10. Safety and environmental protection

With regard to the part of the work under its responsibility, the supplier is responsible for the application of legal and regulatory measures of safety in the workplace for all people and protection of the environment. The supplier undertakes in this capacity to:

  • Comply with workplace safety regulations defined to current legislation;
  • Provide its staff with the materials and equipment needed to comply with these rules;
  • Devise and implement the means by which this obligation can be fulfilled;

11. Data Protection.

RESL reserves the right to process the supplier’s personal data in the course of executing this order. In particular, the supplier grants RESL permission to disclose such data to third parties both in Switzerland and abroad for the purpose of conducting its business activities. The provider will take the necessary measures to ensure data protection.

12. Secrecy agreement

The parties agree not to disclose any contents of this Agreement or any information related to this transaction to third parties except to regulators and to the extent necessary.

13. Additional clauses

  • a. The supplier will refrain from issuing any publication related to this order in which RESL is mentioned. Such publications may not be printed without the prior written consent of RESL.
  • b. Goods supplied under this order shall be in compliance with applicable environmental protection laws and regulations. The supplier agrees to release RESL from any and all claims by third parties, including public authorities, arising from the supplier’s violation of such laws and regulations.

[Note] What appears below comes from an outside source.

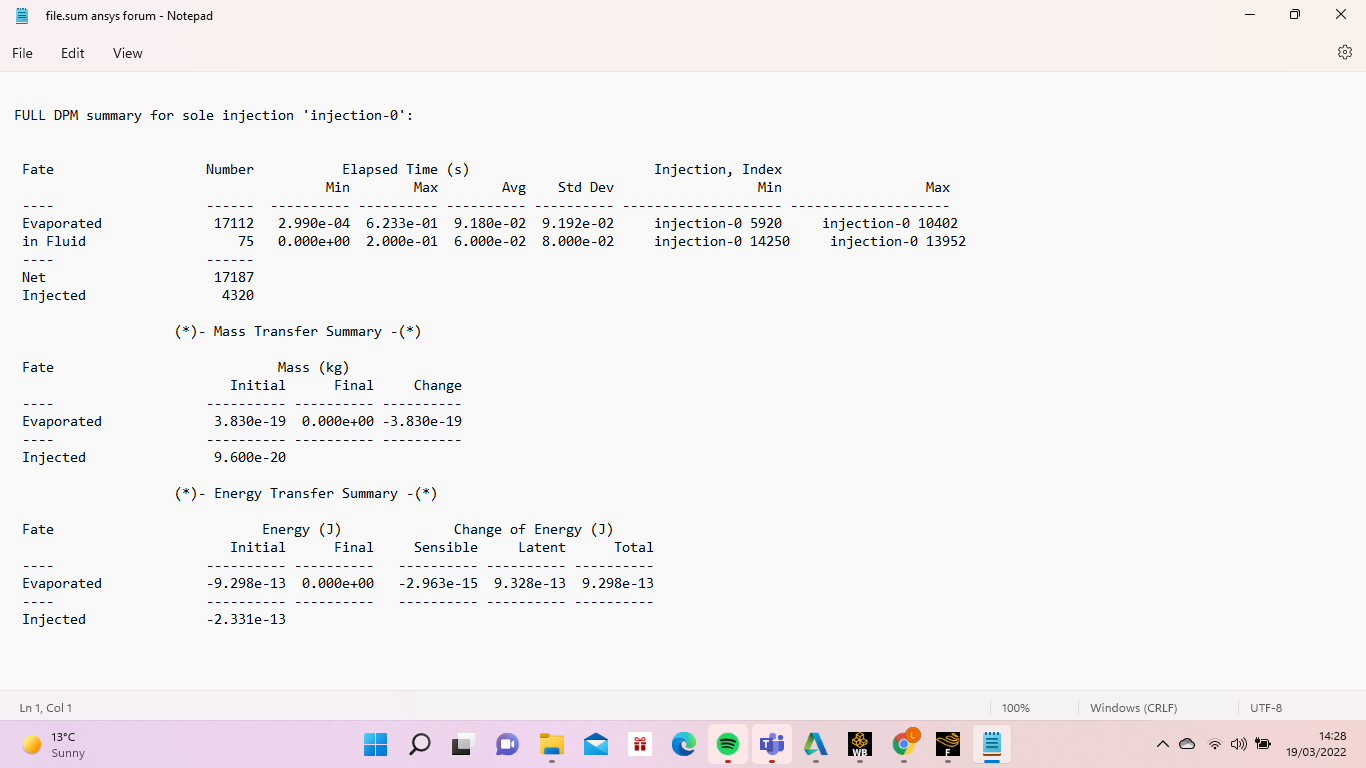 March 19, 2022 at 1:29 pmAmine Ben Hadj Ali Ansys EmployeeIf you display the particle summary what do you see in the console?

14. Place of performance, place of jurisdiction and applicable law

  • a. The place of performance shall be the place of destination of the goods as specified in the order, and the place of execution of payment shall be RESL’s domicile.
  • b. The court of jurisdiction for any dispute arising in connection with this order shall be the court of the place of domicile of RESL. However, RESL, may also apply to the courts of the supplier’s place of domicile.
  • c. This contract is governed by Swiss substantive law. The “United Nations Convention on Contracts for the International Sale of Goods,” April 11, 1980, does not apply to this contract.